Выбрать главу

Ну, и лежала эта труба на пустыре неделю, а то и больше. Она была раструбом — внизу широкая, а к горловине совсем узкая, только собаке пролезть. Но некоторые мальчишки ухитрялись пробежать по всей трубе и выползти с узкого конца. Внутри труба была вся в саже и копоти, так что мальчишки вылезали чумазые, как негры в кино про капитана Гранта. Ну, и Вите стало завидно: почему другие могут, а он — нет? Вон, даже Староверкины, все восемь, через эту трубу пробежали. А старшие — вон какие здоровые! Как они ухитрялись в узкий конец пролезть? И младшие не испугались. Хотя всем им потом досталось: отец Староверкин целый вечер гонялся за черными, как уголь, сыновьями вокруг домов, размахивая каким-то дрыном, и, по обыкновению, жутко матерясь.

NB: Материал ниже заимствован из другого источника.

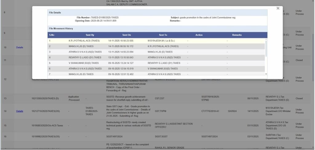 ​ജി.എസ്.ടി വകുപ്പിലെ ജോയിൻ്റ് കമ്മീഷണറുടെ ഗ്രേഡ് പ്രൊമോഷൻ സംബന്ധിച്ച ഫയലാണ് ഇന്നലെ രാവിലെ 10.36-ന് എം.ബി. രാജേഷിന് കൈമാറിയത്. എക്സൈസ്, തദ്ദേശ സ്വയംഭരണം എന്നീ വകുപ്പുകളുടെ ചുമതല വഹിക്കുന്ന മന്ത്രിയായ എം.ബി. രാജേഷിന് നികുതി വകുപ്പുമായി ബന്ധപ്പെട്ട ഫയൽ കൈമാറിയതിലെ അസ്വാഭാവികതയാണ് ഇപ്പോൾ ചർച്ചയാകുന്നത്.

И однажды рано утром, когда возле развалин кочегарки никого не было (чтобы, в случае, если не получиться, никто не засмеял), Витя решился. С отчаянно колотящимся сердцем он перебежал через пустую дорогу, перебрался через груды битого кирпича, и оказался возле трубы. Солнце только-только показалось над степью, и было еще холодновато. Витя заглянул в черную дыру и поежился. Но не от холода. Отсюда казалось, что труба бесконечна: малюсенькое пятнышко света мерцало далеко-далеко. Витя поглядел по сторонам. Никто его здесь не видел. Хотя на невидимой отсюда дороге уже проехала ранняя машина, и где-то в Тэнтеке — это район такой, по другую сторону от кочегарки; он был застроен одноэтажными домами, утопавшими в зелени, — там жили почти одни немцы и еще корейцы, — хлопали двери и слышались приглушенные голоса.

Витя поглядел на солнце. Оно становилось всё горячее. Скоро станет совсем жарко, и в трубе, наверное, будет настоящее пекло. И, вдруг решившись, Витя шагнул в неровный, с обломанными краями черный проем.

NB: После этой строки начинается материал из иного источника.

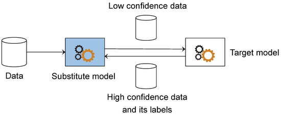 Note that, after classification by the substitute model, the high-confidence data are not labeled by the target model and cannot participate in the later supervised training. However, these data are still valuable for use. We hope the substitute model can continue to learn from this part of the data and improve its performance of the model, so we still train the substitute model with high-confidence data. We treat this part of the data as unlabeled data, and consistency regularization in semi-supervised learning is introduced and adapted [28,29]. Consistency regularization is designed to use the unlabeled data to train the model fully.

В трубе было гораздо страшнее, чем Вите казалось. Во-первых, она внутри вся была покрыта толстенным слоем липкой черной гадости, так что Витя скользил, и чтобы не упасть, хватался руками за стены, но руки тоже попадали в липкое, и Витя чуть не упал, — припустил шибче. А во-вторых, здесь жутко воняло, и почти совсем нечем было дышать.

Витя бежал и бежал, скользя, как на коньках. И все-таки упал. Вскочил и снова понесся вперёд, к маячившему огоньку. Но огонек всё никак не приближался. Витя обернулся — и похолодел: дыра, в которую он вошёл, теперь тоже казалась маленьким пятнышком света. Ему захотелось тут же повернуться и бежать обратно. Он постоял секунду-другую. И вдруг вспомнил чумазое радостное лицо Лариски — девочки из соседнего подъезда, — когда она выползла из узкого конца трубы. Хотя мальчишки, собравшиеся у трубы, уверяли, что девчонке такое никогда не проделать. А Лариска проделала!

Витя перевел дух и, чувствуя, как то пригасает, то вновь вспыхивает в груди паника, понёсся к далекому огоньку уже без остановок и с такой скоростью, что огонек вдруг превратился в большое пятно, а бежать стало невозможно: труба сузилась. Витя сначала шел, нагибаясь, потом и вовсе присел на корточки. Сердце выскакивало из груди: он вдруг подумал, что вот-вот застрянет в этой липкой вонючей трубе. Насмерть застрянет. И его будут искать долго-долго, потому, что он никому не сказал, что решил пройти сквозь трубу.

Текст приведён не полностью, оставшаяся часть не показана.